Go here to read the op-ed by law prof. Eric Segall,
A couple questions for our readers: Would you have liked to watch the argument in the Fair Debt Collection Act just decided by the Supreme Court, Henson v. Santandar Consumer USA, live on the Internet? Would you like to watch it now? Well, you couldn't watch live. And you can't watch it now — or ever. That's because the Supreme Court doesn't permit it. A key reason given by the Justices is their worry that lawyers would play to the cameras, hurting the quality of oral argument. That seems possible to me, at least every once in a while.
But apparently lots of judges with experience disagree. And Segall said something I did not know: all state high courts have cameras in the courtroom. And some, like Texas, live-stream them. Segall quotes Texas Supreme Court Justice Tom Willett:
My court has been webcasting for a decade. No hiccups. No regrets. No going back. We inhabit a hyper-partisan age, and there's enormous civic-education upside in We the People seeing their judges tackle fateful issues with thoughtfulness and civility. I wouldn’t presume to lecture the Supreme Court of the United States, but our experience has been overwhelmingly positive.

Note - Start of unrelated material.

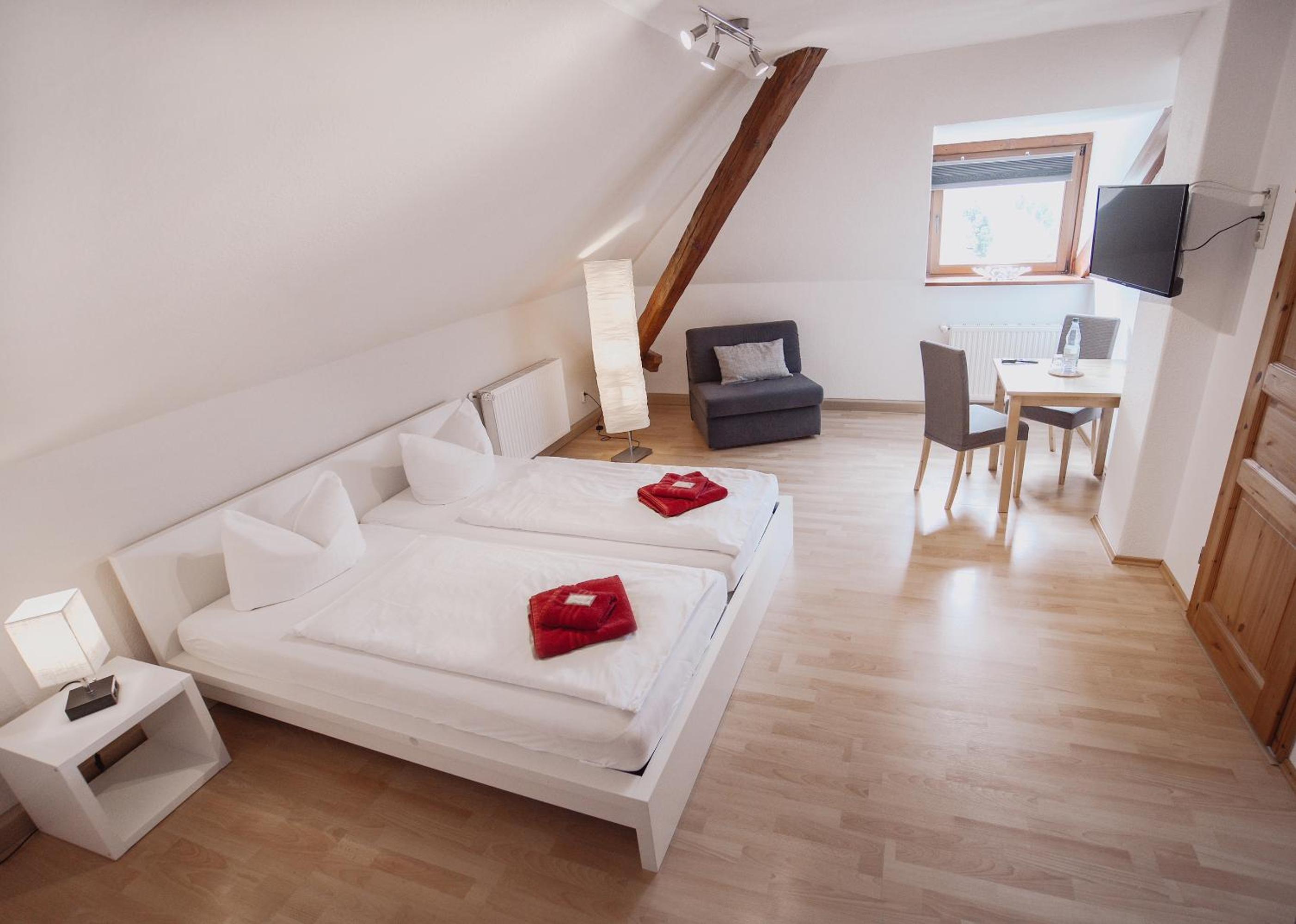 Experience comfort and convenience in our modern rooms at Hotel Am Rittergut, each equipped with a flat-screen TV, seating area, and en suite facilities. Stay connected with complimentary WiFi access during your stay.

He also responds to the concern from "some judges" that "televising court proceedings could make them targets of violence from disappointed litigants or the public at large" with a quote from Seventh Circuit judge Richard Posner:
As far as I am able to determine, there has never been an incidence of violence resulting from such televising. … Yet fear of violence has been a standard excuse for refusing to allow judicial proceedings to be televised. Standard and phony.